0 Posted by - March 26, 2023 - Black History, History, LATEST POSTS

Angela Jackson was a poet and novelist, she is best known for her writing VooDoo/Love Magic (1974), All These Roads Be Luminous: Selected Poems (1991), The Greenville Club (1977), Solo in the Boxcar Third Floor E (1985), and The Man With the White Liver (1985).

Jackson was born on July 25, 1951, in Greenville, Mississippi to father, George Jackson, Sr. and mother, Angeline Robinson Jackson. The family moved to Chicago where Jackson attended St. Anne’s Catholic School.

From a very young age, Jackson was fascinated with books. She frequented the Kelly Branch Library and admired Chicago’s, Gwendolyn Brooks. She graduated from Loretto Academy in 1968 with a pre-med scholarship to Northwestern University. In 1977, Jackson received her B.A. degree from Northwestern University and went on to earn her M.A. degree from the University of Chicago.

While attended Northwestern University, Jackson was influenced by artist Jeff Donaldson and visiting poet Margaret Walker. She was invited by Johnson Publishing’s Black World magazine editor, Hoyt W. Fuller, to join the Organization for Black American Culture (OBAC), where she stayed as a member for twenty years.

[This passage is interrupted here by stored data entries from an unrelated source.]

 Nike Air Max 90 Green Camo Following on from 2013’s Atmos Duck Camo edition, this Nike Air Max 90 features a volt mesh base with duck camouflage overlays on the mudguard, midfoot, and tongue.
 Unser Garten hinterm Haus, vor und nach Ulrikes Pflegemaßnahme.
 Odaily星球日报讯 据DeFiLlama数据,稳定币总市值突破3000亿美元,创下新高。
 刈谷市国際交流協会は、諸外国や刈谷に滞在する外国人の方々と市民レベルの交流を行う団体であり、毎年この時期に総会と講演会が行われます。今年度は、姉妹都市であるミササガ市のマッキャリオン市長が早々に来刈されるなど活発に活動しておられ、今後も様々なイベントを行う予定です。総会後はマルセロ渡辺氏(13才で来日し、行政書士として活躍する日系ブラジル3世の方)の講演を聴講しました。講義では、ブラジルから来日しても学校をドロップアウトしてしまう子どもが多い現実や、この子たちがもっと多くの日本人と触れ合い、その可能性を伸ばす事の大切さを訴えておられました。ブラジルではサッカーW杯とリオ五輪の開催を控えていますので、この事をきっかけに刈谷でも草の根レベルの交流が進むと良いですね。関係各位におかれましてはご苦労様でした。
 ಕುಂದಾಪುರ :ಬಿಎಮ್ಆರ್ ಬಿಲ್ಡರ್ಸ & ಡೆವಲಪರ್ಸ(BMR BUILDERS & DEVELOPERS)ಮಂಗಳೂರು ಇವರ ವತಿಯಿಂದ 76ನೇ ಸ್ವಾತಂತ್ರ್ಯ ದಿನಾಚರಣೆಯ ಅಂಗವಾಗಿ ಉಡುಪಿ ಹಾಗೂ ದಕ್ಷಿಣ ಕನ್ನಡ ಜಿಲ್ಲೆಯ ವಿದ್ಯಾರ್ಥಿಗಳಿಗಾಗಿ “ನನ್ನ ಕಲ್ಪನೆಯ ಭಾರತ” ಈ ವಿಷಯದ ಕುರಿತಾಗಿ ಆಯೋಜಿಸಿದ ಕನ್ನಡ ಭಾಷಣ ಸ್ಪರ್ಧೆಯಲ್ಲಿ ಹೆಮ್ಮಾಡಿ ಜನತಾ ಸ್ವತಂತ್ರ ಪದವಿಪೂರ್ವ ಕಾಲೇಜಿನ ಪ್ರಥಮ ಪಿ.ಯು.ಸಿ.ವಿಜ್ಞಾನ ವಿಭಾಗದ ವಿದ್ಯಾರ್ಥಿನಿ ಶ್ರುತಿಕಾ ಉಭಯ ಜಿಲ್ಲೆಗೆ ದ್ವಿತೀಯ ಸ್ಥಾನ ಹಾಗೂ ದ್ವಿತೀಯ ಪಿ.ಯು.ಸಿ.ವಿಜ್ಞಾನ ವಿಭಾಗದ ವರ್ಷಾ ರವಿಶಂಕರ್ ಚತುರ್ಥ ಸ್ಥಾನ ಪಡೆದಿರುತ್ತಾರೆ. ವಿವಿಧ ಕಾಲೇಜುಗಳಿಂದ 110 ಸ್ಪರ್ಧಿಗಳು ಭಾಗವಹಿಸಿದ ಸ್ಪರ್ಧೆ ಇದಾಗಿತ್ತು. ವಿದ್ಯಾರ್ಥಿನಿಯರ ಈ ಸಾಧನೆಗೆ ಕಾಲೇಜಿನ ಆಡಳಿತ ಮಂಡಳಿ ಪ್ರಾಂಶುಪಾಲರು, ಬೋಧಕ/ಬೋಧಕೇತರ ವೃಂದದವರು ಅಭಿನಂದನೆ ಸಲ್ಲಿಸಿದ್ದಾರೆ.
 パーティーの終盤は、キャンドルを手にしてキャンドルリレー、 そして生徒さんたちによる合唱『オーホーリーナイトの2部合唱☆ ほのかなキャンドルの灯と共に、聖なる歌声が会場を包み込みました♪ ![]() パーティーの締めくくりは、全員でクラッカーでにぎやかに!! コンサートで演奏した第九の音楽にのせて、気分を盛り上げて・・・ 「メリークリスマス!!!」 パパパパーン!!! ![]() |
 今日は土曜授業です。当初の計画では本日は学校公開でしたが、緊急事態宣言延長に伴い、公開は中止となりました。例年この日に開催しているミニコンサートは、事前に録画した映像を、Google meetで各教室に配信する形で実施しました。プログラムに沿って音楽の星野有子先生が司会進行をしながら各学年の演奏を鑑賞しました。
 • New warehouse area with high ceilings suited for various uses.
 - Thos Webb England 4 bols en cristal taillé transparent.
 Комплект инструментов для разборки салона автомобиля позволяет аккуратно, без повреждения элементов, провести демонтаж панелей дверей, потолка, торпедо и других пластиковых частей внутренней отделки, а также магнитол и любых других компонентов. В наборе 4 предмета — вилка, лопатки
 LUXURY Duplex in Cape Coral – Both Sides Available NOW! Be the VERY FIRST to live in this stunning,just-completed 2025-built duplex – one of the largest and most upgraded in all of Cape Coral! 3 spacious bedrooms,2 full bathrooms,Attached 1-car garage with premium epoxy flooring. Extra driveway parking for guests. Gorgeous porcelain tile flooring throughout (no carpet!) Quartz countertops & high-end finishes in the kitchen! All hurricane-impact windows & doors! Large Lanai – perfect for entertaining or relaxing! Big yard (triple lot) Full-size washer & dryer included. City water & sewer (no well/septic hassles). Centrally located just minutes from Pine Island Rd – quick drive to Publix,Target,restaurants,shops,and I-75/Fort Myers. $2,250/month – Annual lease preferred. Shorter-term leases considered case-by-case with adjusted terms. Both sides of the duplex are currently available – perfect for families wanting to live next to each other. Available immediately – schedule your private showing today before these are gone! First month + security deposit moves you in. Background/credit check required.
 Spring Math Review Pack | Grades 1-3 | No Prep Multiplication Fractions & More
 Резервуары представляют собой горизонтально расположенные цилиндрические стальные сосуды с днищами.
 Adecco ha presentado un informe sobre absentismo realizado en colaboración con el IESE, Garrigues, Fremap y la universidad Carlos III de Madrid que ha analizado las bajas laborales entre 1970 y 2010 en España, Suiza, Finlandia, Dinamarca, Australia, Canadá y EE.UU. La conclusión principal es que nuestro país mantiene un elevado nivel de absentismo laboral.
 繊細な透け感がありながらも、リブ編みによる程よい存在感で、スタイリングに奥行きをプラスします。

For her literary talent, Jackson received numerous awards. Those awards included: the Edwin Schulman Fiction Prize, The Academy of American Poets Award, Conrad Kent Rivers Memorial Award, the Before Columbus Foundation Book Award, and the Hoyt Fuller Award for Literary Excellence.

Jackson was selected to represent the United States at the second World Festival of Black and African Art and Culture in 1977. In 1978, she received the National Endowment for the Arts in Creative Writing. The Illinois State Council also awarded Jackson with a Creative Writing Fellowship.